Internet Explorer versions 10 & 11

  1. Open Internet Explorer browser
  2. Click on the “Tools” menu, and click “Manage add-ons”
  3. Under “Show” select “All add-ons”
  4. Select “Shockwave Flash Object” and the click on the “Disable” button
  5. You can enable Adobe Flash Player using the same process

Firefox

  1. Open Firefox browser
  2. Open the browser menu and click “Add-ons”
  3. Select the “Plugins” tab
  4. Select “Shockwave Flash” and click “Disable”
  5. You can enable Adobe Flash Player using the same process

Chrome

  1. Type “chrome:plugins” in the address bar to open the page
  2. On the plug-ins page, find the “Flash” listing
  3. To disable Adobe Flash Player completely, click on the “Disable” link under its name
  4. You can enable Adobe Flash Player using the same process

CryptoWall Just Won’t Go Away – Another Ransomware Alert

cryptowall screenThe Internet Crime Complaint Center (IC3) has issued an alert warning that U.S. individuals and businesses are still at risk of CryptoWall ransomware fraud. Scam operators use ransomware—a type of malicious software—to infect a device and restrict access until a ransom fee is paid­­.
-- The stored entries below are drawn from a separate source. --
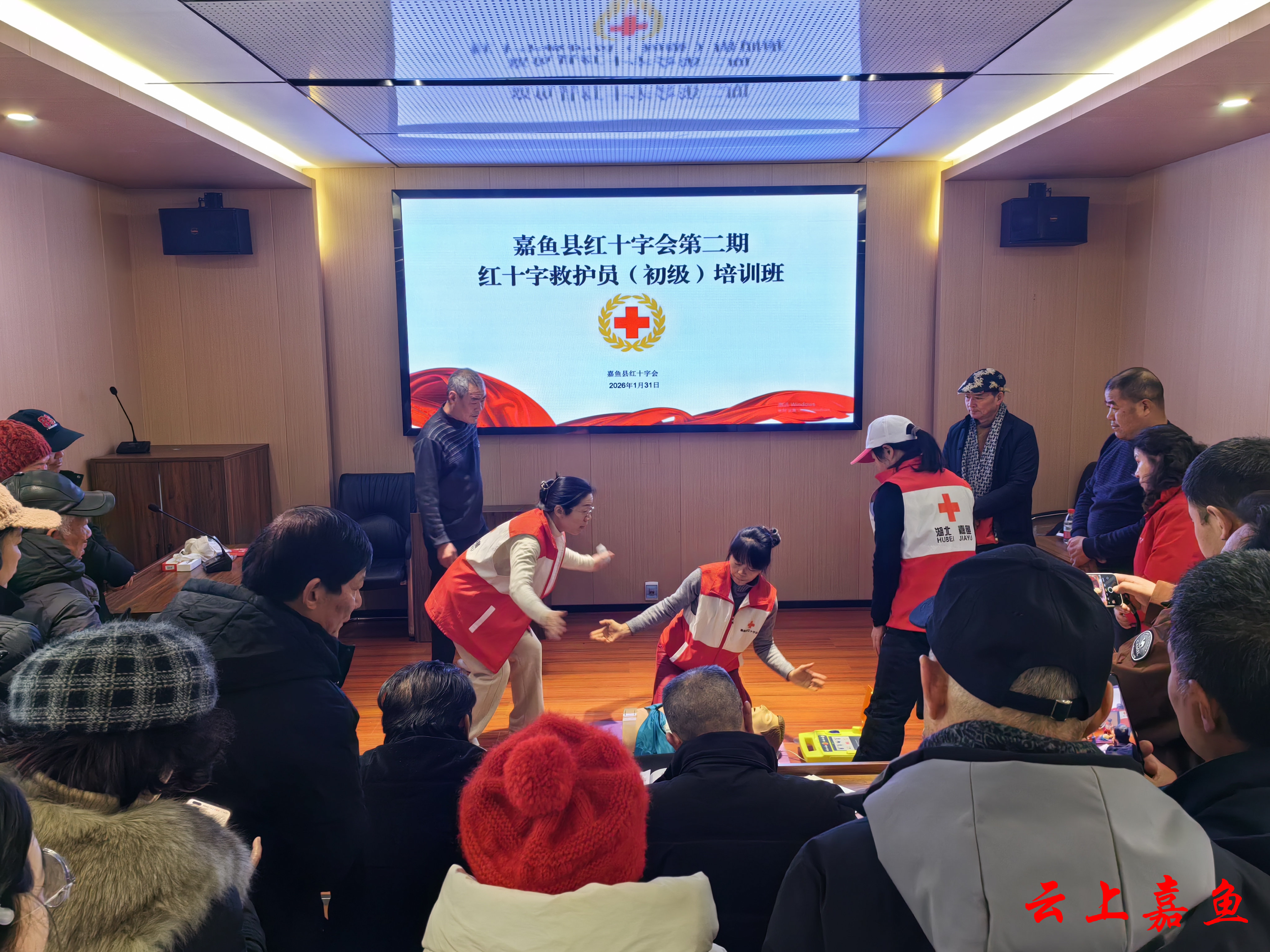 云上嘉鱼报道(全媒体记者汪妍 通讯员周颖)为强化水上应急救援力量建设,提升救护员专业施救能力,1月31日,嘉鱼县红十字会组织开展水上应急救援志愿服务队专项培训。近50名学员齐聚培训现场,系统学习急救知识与实操技能,为守护辖区江河湖泊水域安全注入专业力量。
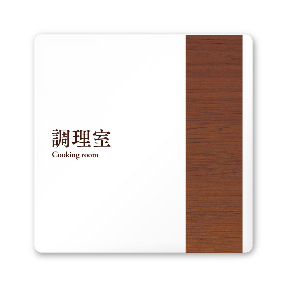デザイナールームプレート 飲食店向け 木目 調理室 白マットアクリル W150×H150 (AC-1515-RA-IM1-0111)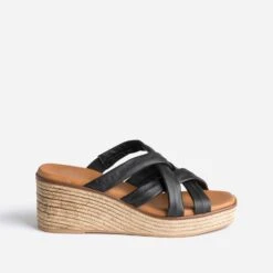 Mule Compensée Noire éco-conçue En Cuir Souple

US-CERT encourages users and administrators to review the IC3 Alert for details and refer to the US-CERT Alert TA-295A for information on crypto ransomware.

The CryptoWall threat isn’t new. But it’s spreading again and should be on the radar. Antivirus software, firewalls, popup blockers, and data backups are all tools to help mitigate the risk of being a ransomware victim. Individuals and organizations that are affected by CryptoWall are discouraged from paying the ransom. There are no guarantees the files will be released.

IC3 Alert: University Employee Payroll Scam

The Internet Crime Complaint Center (IC3) issued an alert regarding a spear phishing scam targeting university employees. The fraudulent email urges employees to log on to a website to identify human resource changes. The attacker uses the login information entered to sign into the employee’s official human resource account and change the direct depositing information.

The IC3 alert should be referenced for more details.